[[ Exercise data, beginning ]]

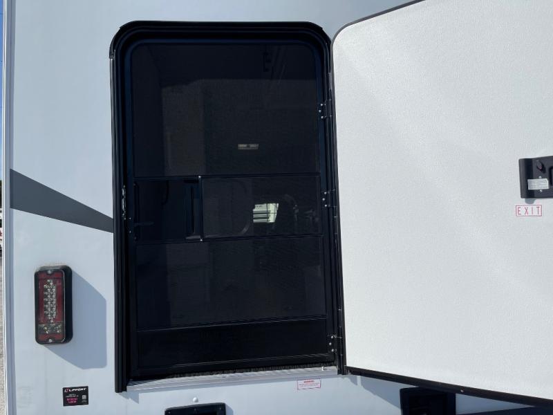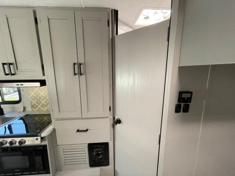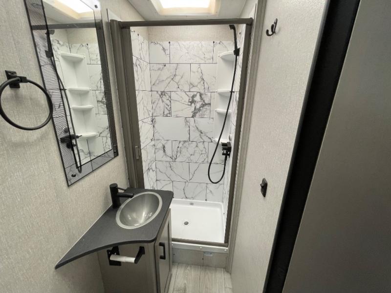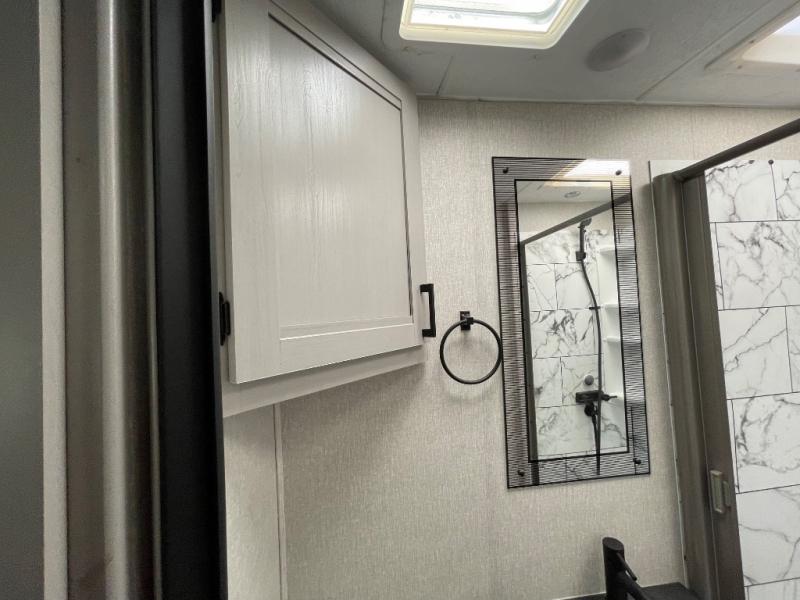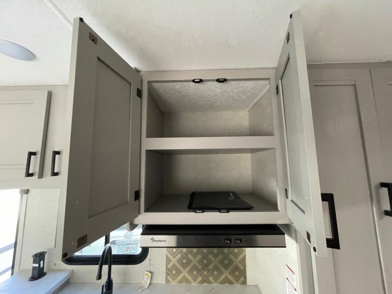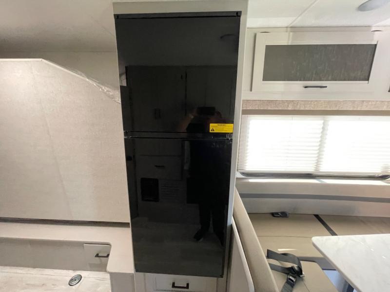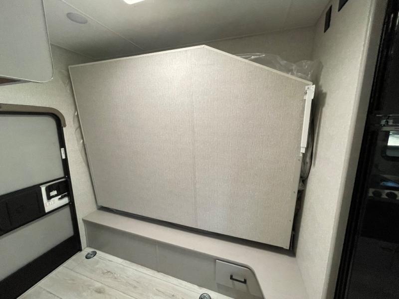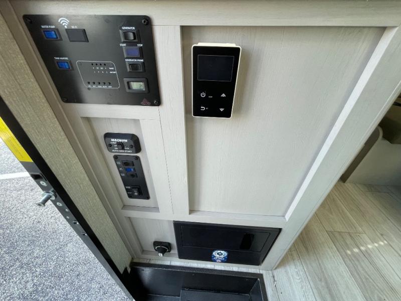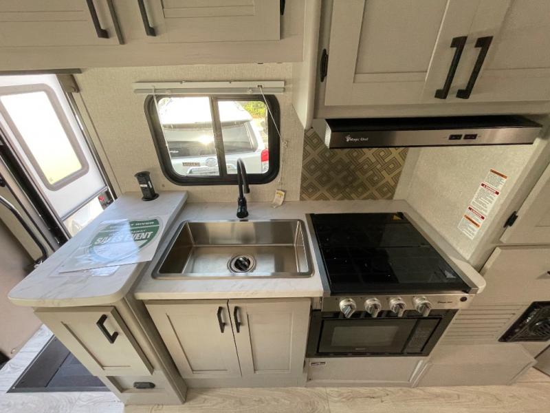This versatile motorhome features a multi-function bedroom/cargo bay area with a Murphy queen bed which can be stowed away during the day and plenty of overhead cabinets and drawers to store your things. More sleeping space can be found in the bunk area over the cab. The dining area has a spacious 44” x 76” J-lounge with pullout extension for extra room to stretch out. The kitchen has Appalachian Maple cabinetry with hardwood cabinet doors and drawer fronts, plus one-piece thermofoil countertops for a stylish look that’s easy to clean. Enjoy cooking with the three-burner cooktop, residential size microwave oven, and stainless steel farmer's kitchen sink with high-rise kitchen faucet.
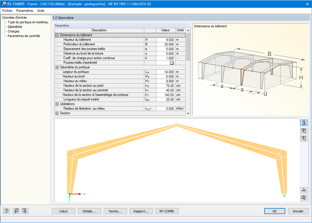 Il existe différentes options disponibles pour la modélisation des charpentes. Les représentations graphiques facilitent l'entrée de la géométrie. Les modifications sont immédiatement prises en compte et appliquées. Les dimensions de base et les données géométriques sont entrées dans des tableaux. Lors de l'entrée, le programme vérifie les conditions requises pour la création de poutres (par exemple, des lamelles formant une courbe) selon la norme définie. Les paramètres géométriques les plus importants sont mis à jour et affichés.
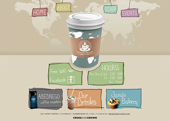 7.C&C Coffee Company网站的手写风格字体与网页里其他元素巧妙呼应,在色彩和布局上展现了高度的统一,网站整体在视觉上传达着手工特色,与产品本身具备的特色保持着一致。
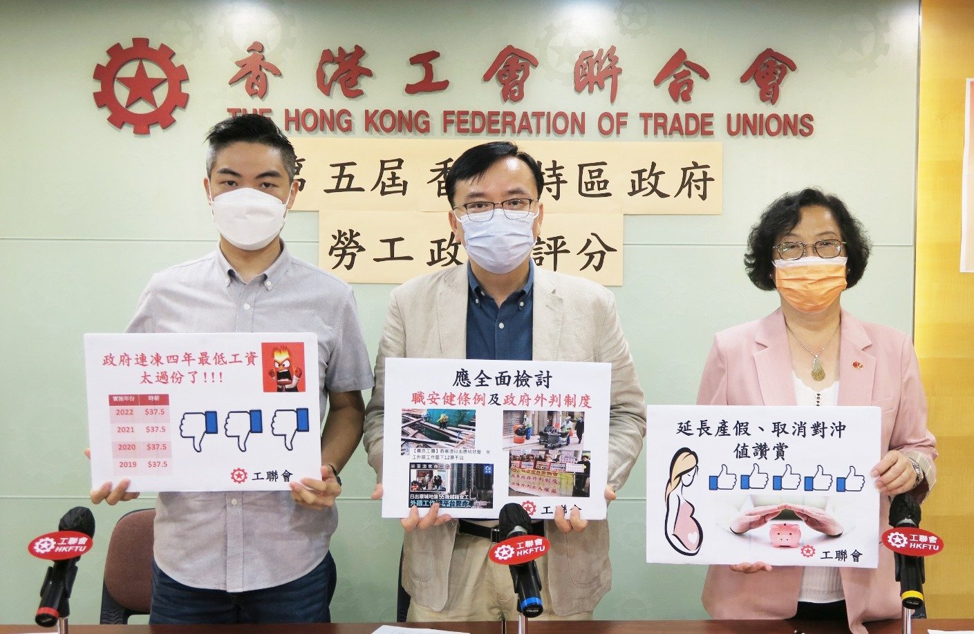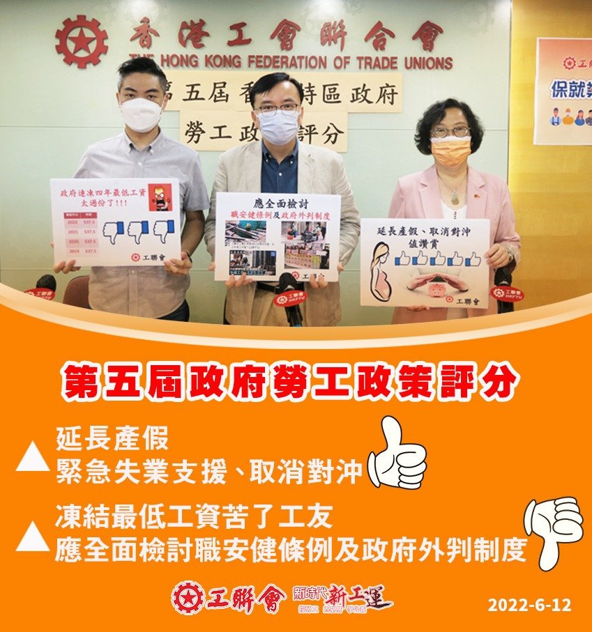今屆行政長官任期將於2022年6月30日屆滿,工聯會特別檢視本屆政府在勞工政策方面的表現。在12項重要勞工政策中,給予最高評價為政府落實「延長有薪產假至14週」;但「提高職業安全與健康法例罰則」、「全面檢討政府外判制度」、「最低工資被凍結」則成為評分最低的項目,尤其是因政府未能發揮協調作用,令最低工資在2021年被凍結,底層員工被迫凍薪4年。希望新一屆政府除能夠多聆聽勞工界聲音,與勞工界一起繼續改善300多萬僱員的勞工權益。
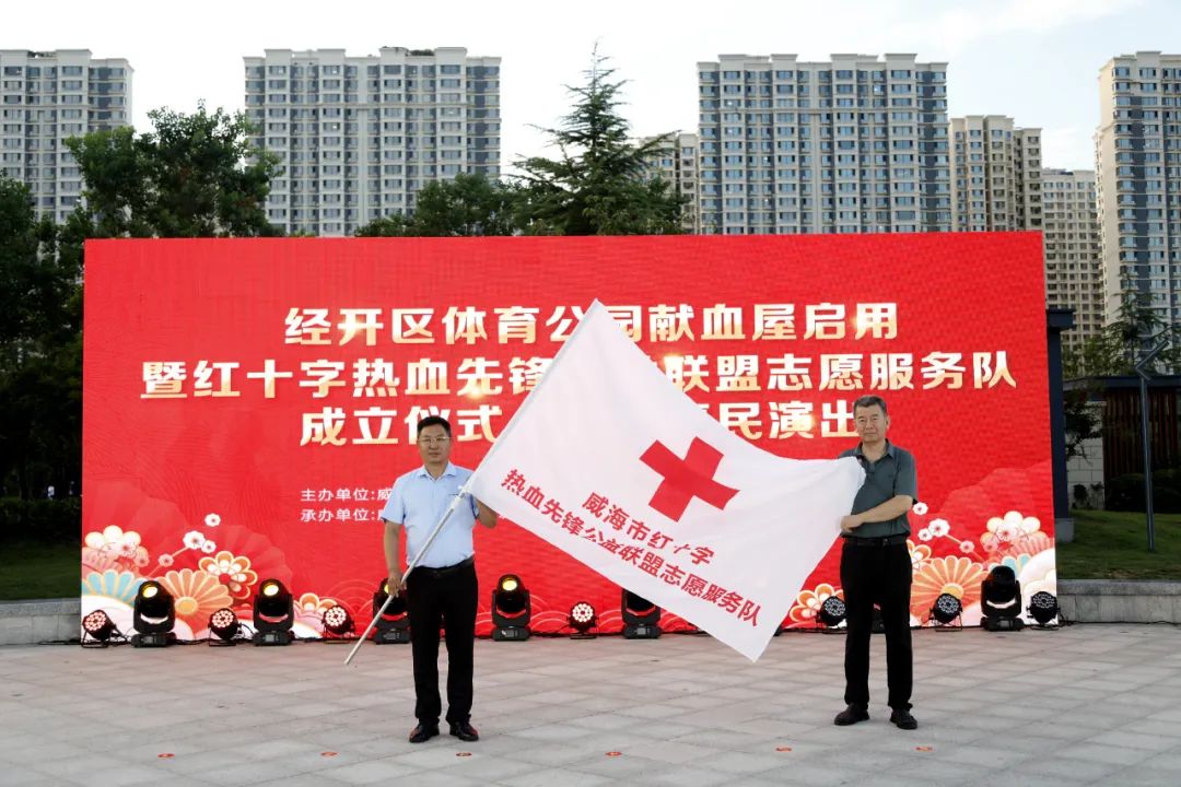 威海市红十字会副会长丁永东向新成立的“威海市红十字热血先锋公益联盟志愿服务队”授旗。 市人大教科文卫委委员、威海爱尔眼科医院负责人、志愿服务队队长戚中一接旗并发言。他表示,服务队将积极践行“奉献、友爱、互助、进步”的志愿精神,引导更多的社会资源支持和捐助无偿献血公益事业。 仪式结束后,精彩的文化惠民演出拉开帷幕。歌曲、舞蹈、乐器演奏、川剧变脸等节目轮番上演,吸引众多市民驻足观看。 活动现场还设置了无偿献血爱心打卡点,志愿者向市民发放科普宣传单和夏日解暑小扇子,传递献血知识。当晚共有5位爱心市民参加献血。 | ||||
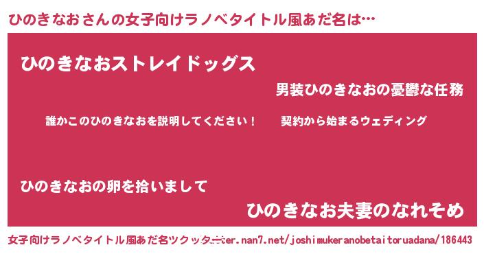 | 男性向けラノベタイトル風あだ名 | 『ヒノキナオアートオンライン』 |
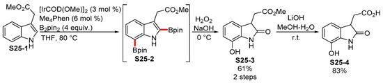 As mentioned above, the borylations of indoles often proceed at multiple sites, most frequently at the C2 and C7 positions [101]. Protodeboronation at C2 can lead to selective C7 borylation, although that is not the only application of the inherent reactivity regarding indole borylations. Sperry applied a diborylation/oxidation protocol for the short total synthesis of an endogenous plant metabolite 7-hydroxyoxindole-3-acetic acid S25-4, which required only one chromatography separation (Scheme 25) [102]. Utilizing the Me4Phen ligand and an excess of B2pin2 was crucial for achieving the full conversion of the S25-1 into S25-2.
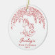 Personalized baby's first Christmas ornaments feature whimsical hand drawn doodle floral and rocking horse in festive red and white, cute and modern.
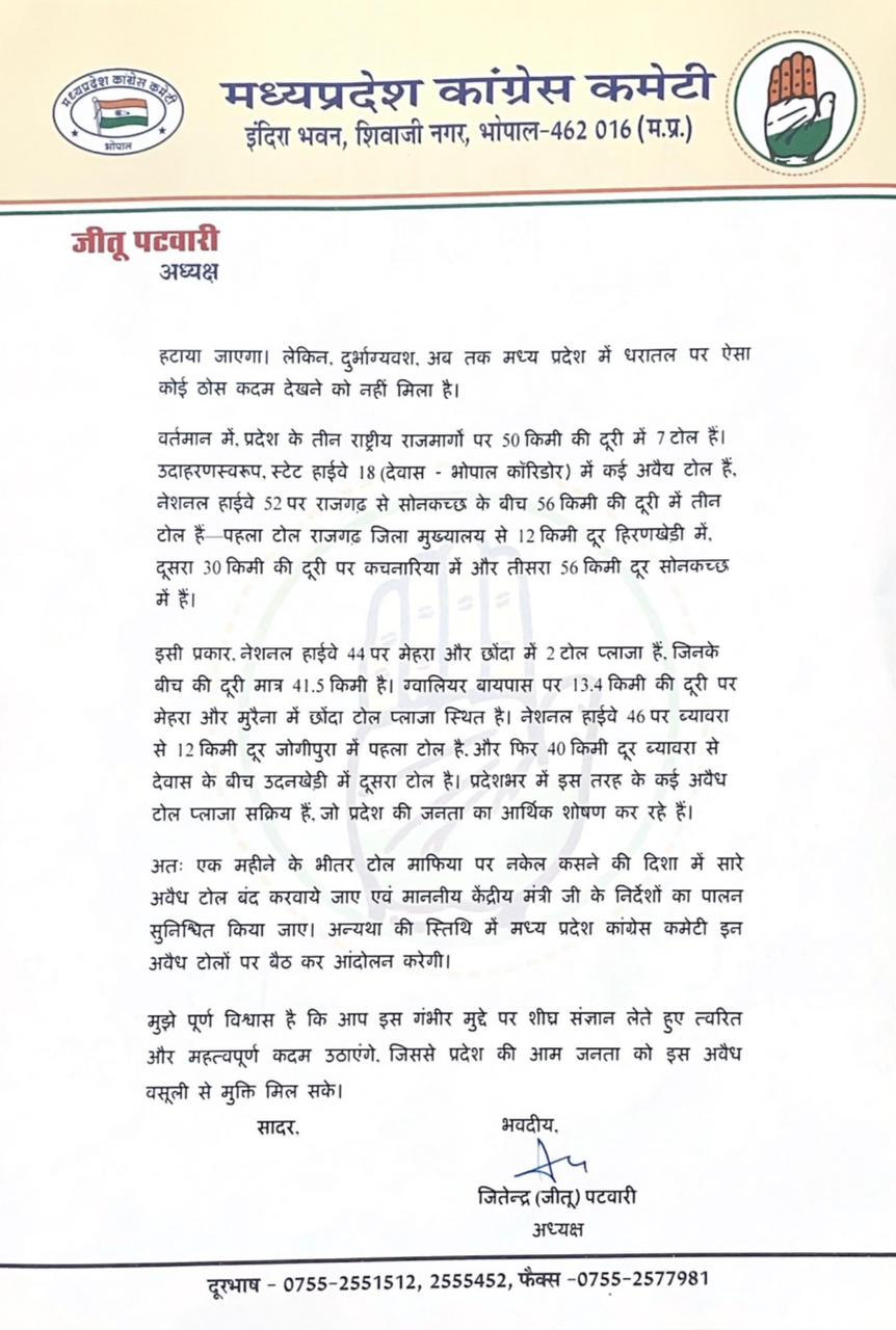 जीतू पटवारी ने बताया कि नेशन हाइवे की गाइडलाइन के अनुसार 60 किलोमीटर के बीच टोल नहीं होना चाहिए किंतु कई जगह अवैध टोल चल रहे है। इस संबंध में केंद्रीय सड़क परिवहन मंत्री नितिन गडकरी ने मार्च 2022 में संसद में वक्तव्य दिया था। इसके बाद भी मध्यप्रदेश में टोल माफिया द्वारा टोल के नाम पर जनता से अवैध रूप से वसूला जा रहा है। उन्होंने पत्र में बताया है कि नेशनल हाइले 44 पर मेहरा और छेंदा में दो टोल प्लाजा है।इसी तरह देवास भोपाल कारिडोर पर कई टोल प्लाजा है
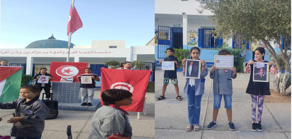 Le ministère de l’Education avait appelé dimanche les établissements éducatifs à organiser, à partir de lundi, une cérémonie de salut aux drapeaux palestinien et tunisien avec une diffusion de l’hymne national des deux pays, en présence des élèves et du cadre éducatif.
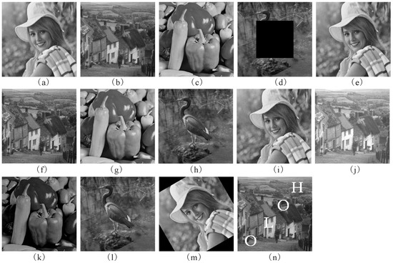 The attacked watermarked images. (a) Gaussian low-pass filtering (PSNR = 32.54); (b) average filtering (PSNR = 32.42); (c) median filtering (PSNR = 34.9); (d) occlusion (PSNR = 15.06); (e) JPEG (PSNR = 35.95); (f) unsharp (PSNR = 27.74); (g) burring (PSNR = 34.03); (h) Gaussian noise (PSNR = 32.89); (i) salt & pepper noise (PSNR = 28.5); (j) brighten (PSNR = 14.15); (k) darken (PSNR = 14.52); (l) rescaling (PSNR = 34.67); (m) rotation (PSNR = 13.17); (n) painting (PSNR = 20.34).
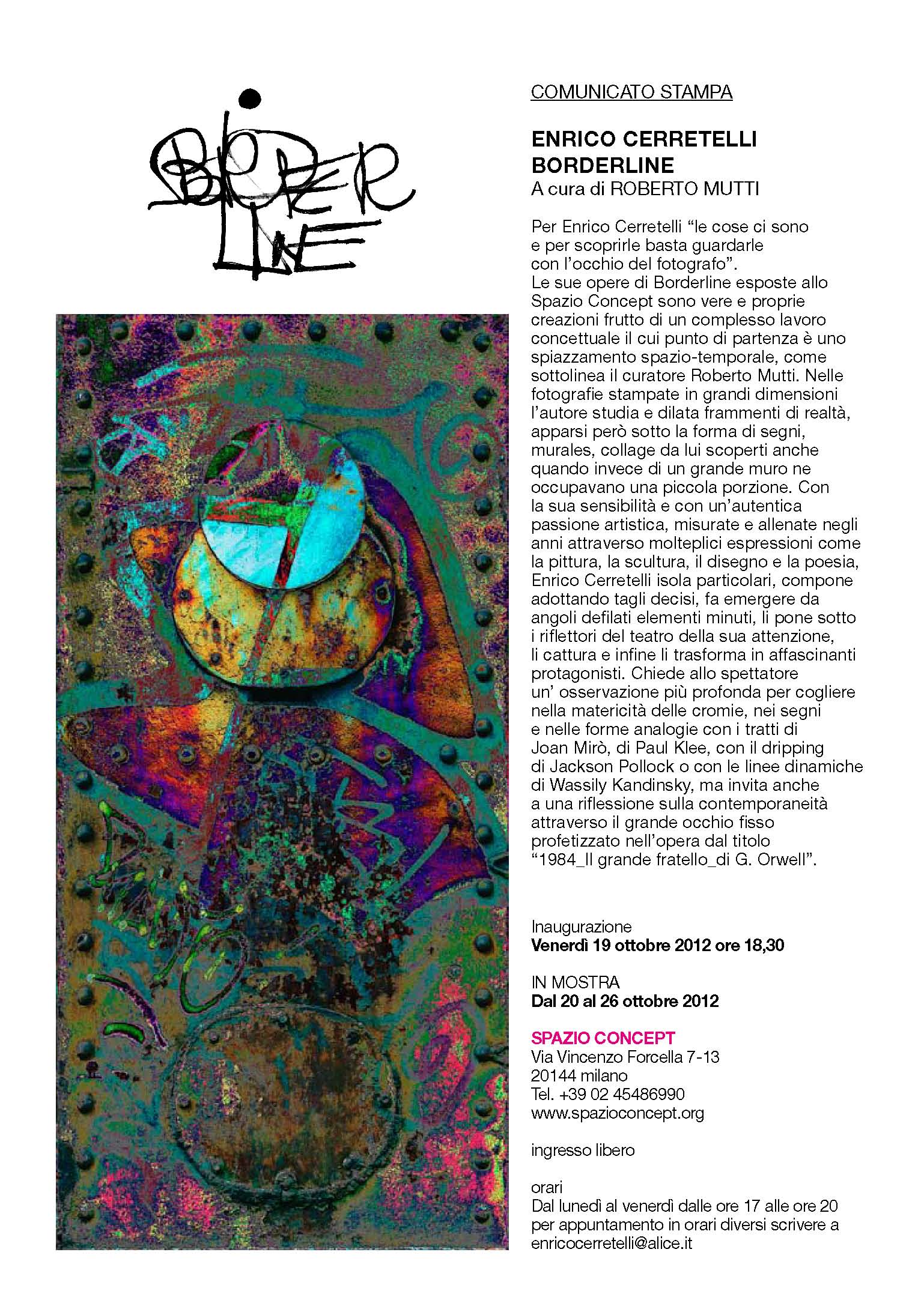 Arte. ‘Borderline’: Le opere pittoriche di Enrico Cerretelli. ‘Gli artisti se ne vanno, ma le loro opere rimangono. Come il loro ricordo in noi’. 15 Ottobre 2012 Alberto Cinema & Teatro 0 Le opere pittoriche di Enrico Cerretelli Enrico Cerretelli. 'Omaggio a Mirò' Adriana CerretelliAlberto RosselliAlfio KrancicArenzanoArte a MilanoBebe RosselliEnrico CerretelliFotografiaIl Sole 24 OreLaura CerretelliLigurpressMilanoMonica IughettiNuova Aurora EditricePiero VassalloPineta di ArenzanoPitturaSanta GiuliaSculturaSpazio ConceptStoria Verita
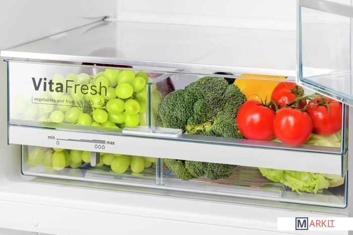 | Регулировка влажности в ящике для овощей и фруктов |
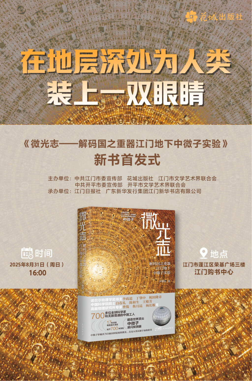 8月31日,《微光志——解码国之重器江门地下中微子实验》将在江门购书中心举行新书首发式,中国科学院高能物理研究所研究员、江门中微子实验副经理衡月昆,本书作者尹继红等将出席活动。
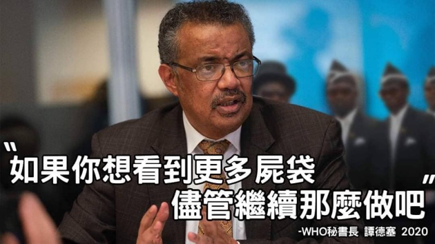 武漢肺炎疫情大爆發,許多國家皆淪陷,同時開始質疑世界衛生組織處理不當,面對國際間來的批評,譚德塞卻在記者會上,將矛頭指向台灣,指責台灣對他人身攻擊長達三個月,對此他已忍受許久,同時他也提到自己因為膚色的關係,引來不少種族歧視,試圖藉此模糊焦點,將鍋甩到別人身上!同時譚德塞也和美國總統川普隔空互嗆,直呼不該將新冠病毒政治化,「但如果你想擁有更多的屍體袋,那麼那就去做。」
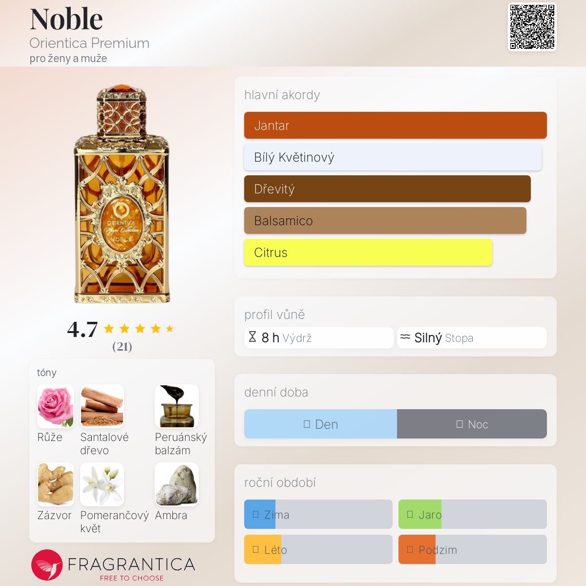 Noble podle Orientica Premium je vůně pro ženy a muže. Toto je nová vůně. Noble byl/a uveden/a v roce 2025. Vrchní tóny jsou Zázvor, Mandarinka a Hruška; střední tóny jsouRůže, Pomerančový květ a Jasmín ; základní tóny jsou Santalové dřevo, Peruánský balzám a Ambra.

[[ Exercise data, end ]]

Required work.
Above are the records; copy exactly the lines from the one with "Personalized baby's first" through the one with "The attacked watermarked", including both, and nothing more. Leave out pictures.

Written answer.
 Personalized baby's first Christmas ornaments feature whimsical hand drawn doodle floral and rocking horse in festive red and white, cute and modern.
 जीतू पटवारी ने बताया कि नेशन हाइवे की गाइडलाइन के अनुसार 60 किलोमीटर के बीच टोल नहीं होना चाहिए किंतु कई जगह अवैध टोल चल रहे है। इस संबंध में केंद्रीय सड़क परिवहन मंत्री नितिन गडकरी ने मार्च 2022 में संसद में वक्तव्य दिया था। इसके बाद भी मध्यप्रदेश में टोल माफिया द्वारा टोल के नाम पर जनता से अवैध रूप से वसूला जा रहा है। उन्होंने पत्र में बताया है कि नेशनल हाइले 44 पर मेहरा और छेंदा में दो टोल प्लाजा है।इसी तरह देवास भोपाल कारिडोर पर कई टोल प्लाजा है
 Le ministère de l’Education avait appelé dimanche les établissements éducatifs à organiser, à partir de lundi, une cérémonie de salut aux drapeaux palestinien et tunisien avec une diffusion de l’hymne national des deux pays, en présence des élèves et du cadre éducatif.
 The attacked watermarked images. (a) Gaussian low-pass filtering (PSNR = 32.54); (b) average filtering (PSNR = 32.42); (c) median filtering (PSNR = 34.9); (d) occlusion (PSNR = 15.06); (e) JPEG (PSNR = 35.95); (f) unsharp (PSNR = 27.74); (g) burring (PSNR = 34.03); (h) Gaussian noise (PSNR = 32.89); (i) salt & pepper noise (PSNR = 28.5); (j) brighten (PSNR = 14.15); (k) darken (PSNR = 14.52); (l) rescaling (PSNR = 34.67); (m) rotation (PSNR = 13.17); (n) painting (PSNR = 20.34).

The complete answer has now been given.